# Surface plate stand.



## DavidR8 (Apr 5, 2021)

@MrWhoopee thread about his surface plate stand resurfaced a project for me. 
I have a shop grade 12x18 plate. 
It’s currently sitting on my bench. 
I’d like to make a stand for it so I can level it to use as a reference surface to balance my grinding wheels. 

Planning to use some 2” angle iron to make the frame, weld on three 3/8” ready rod couplers vertically, two at one and and one at the other. I’ll make some long adjuster screws out of ready rod. 

I was reading about Bessel points and was wondering if this is something I should concern myself with for the design.


----------



## benmychree (Apr 5, 2021)

Bessey points???


----------



## francist (Apr 5, 2021)

I suspect “Bessel”


----------



## DavidR8 (Apr 5, 2021)

Indeed. Bessel. 
Autocorrect got me. 
Original post corrected.


----------



## benmychree (Apr 5, 2021)

Granite surface plates are generally supported at the perimeter, two at one end and one on the other end in the center.  The plates are finish lapped with this support, so they should be flat supported thusly.


----------



## DavidR8 (Apr 5, 2021)

benmychree said:


> Granite surface plates are generally supported at the perimeter, two at one end and one on the other end in the center. The plates are finish lapped with this support, so they should be flat supported thusly.



Thank you sir!


----------



## Cadillac (Apr 5, 2021)

Here’s what I did acouple years back. It’s along the same principle but I didn’t like the fact that on one end it could teater. So what I did to have the plate on four adjustment feet was have one end pivot. The whole Assy.

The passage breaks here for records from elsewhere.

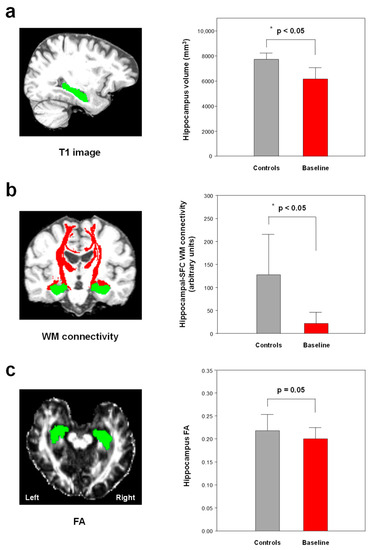 The decreased hippocampal volume (a) and hippocampal-superior frontal gyrus (SFG) white matter (WM) connectivity (b) in the patients with early AD (baseline) compared to those in the healthy controls (Bonferroni-corrected, p < 0.05). The patients with early AD showed decreased fractional anisotropy (FA) in the hippocampus (p = 0.05, not corrected for multiple comparisons) (c). Green in the left figure, hippocampal seed ROI; red in left figure, WM connectivity. * Meets Bonferroni-corrected significance level (p < 0.05).
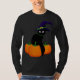 Schwarze Katze mit Hut und Kürbis zu Halloween T-Shirt
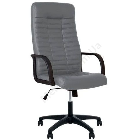 Крісло для керівника з високою спинкою та інтегрованим підголівником, роздільним каркасом, пластиковим нерегульованими підлокітниками, фіксацією у вертикальному положенні, на металевій основі з пластиковими накладками.

Is on top a shop cart.


----------



## DavidR8 (Apr 5, 2021)

Cadillac said:


> Here’s what I did acouple years back. It’s along the same principle but I didn’t like the fact that on one end it could teater. So what I did to have the plate on four adjustment feet was have one end pivot. The whole Assy. Is on top a shop cart.
> 
> 
> 
> ...



Interesting design. 
How big is your plate?


----------



## Cadillac (Apr 5, 2021)

It’s a 18x24 plate and once nice thing is I keep all my gauge blocks underneath. Here’s a shot currently checking some parallels I just got done with. Disappointed in the bluing.


----------



## SLK001 (Apr 5, 2021)

Isn't your plate riding on a plastic cart?  If so, that means that it is never level!


----------



## Cadillac (Apr 5, 2021)

Level No stabile Yes. I leveled it when I installed it. Other than something rolling off I don’t need it to be level I need it to be flat.


----------



## aliva (Apr 6, 2021)

A granite plate is to be flat, level is an option. Unless your plate is in permanent location there's no point leveling it. I see a lot of people worried about leveling the plate, but they have it on a stand that has wheels, which they move around the shop. Every time time you move , there goes your level..Abomb79 has a video on modifying his plate stand, his on wheels.


----------



## DavidR8 (Apr 6, 2021)

I'd like to level it so that I can use it to balance my surface grinder wheels.
Jeff (@Janderso) turned me onto this idea and I have since watched a video by Stan of Bar-Z Ranch where he puts a shop-made arbor and a set of 2-4-6 blocks on his surface plate to balance his wheels.


----------



## rjs44032 (Apr 6, 2021)

See federal spec here: FedSpecGGG-P-463c

Support specifications are clearly defined in section 3. Plates need to be supported on 3 points. They are not Bessel or Airy points. Hope this helps. 

Best Regards,
Bob


----------